* _REQUIREMENT_:
Once you find the line with "Her pants are" in the entries below, return exactly every line from it through the line with "Sobre un escarpado".

* _DATA EXTRACTS_:
BEGIN

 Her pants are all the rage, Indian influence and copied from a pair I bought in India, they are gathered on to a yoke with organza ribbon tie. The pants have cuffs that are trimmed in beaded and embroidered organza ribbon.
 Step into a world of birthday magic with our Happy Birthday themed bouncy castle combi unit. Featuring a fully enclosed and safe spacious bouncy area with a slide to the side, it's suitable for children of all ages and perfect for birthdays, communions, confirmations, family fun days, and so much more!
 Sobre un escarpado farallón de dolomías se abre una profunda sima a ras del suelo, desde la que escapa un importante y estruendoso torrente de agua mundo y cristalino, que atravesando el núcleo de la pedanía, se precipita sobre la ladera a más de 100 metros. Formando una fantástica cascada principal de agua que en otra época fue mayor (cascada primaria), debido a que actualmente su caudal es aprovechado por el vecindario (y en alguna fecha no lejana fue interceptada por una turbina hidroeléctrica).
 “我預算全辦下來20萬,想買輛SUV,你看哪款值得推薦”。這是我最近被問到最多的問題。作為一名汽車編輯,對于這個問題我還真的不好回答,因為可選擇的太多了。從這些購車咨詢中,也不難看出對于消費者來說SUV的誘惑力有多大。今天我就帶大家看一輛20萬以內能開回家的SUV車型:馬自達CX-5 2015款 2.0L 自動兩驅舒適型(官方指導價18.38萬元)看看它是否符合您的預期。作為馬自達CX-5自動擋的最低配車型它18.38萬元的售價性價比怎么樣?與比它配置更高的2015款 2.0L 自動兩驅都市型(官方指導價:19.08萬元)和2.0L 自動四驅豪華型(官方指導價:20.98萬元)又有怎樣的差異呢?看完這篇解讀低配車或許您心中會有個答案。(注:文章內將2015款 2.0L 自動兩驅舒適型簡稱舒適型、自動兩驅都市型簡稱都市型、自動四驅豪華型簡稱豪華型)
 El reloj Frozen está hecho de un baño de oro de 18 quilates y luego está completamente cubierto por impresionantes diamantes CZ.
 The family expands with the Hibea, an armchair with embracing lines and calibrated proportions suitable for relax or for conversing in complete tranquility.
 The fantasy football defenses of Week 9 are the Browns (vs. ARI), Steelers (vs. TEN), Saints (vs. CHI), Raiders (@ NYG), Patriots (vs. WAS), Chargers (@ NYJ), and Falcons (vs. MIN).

END
BEGIN

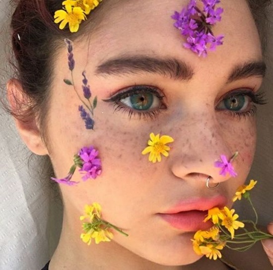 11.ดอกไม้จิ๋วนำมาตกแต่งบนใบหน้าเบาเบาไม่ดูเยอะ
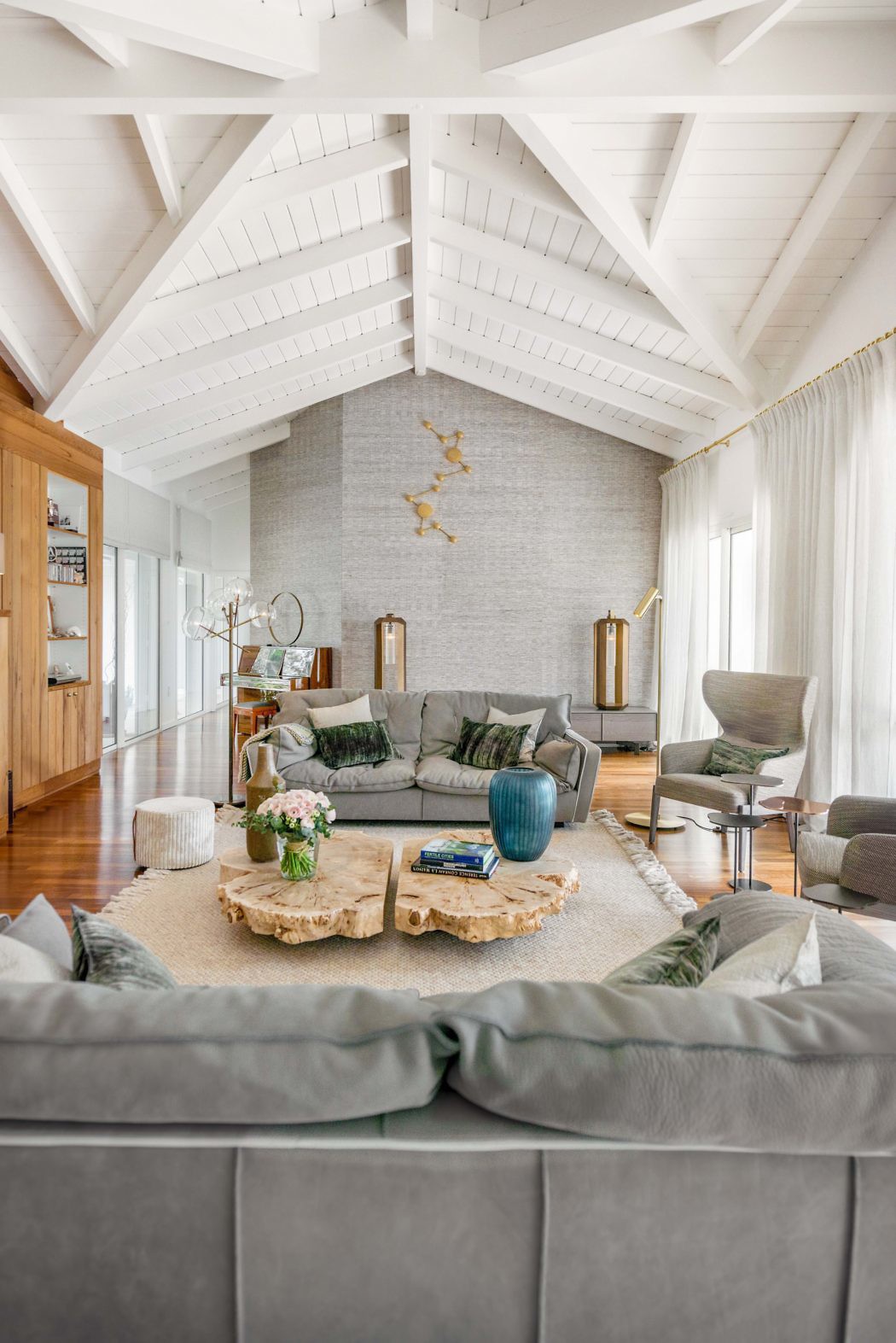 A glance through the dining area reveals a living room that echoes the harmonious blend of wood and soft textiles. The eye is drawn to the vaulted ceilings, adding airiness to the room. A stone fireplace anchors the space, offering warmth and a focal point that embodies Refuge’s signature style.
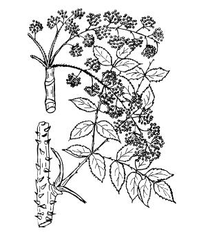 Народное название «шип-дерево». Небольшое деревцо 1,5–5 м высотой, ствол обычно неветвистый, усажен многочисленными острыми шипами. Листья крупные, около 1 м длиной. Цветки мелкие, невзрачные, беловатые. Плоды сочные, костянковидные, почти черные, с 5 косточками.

END

* _ANSWER TO THE PROBLEM_:
 Her pants are all the rage, Indian influence and copied from a pair I bought in India, they are gathered on to a yoke with organza ribbon tie. The pants have cuffs that are trimmed in beaded and embroidered organza ribbon.
 Step into a world of birthday magic with our Happy Birthday themed bouncy castle combi unit. Featuring a fully enclosed and safe spacious bouncy area with a slide to the side, it's suitable for children of all ages and perfect for birthdays, communions, confirmations, family fun days, and so much more!
 Sobre un escarpado farallón de dolomías se abre una profunda sima a ras del suelo, desde la que escapa un importante y estruendoso torrente de agua mundo y cristalino, que atravesando el núcleo de la pedanía, se precipita sobre la ladera a más de 100 metros. Formando una fantástica cascada principal de agua que en otra época fue mayor (cascada primaria), debido a que actualmente su caudal es aprovechado por el vecindario (y en alguna fecha no lejana fue interceptada por una turbina hidroeléctrica).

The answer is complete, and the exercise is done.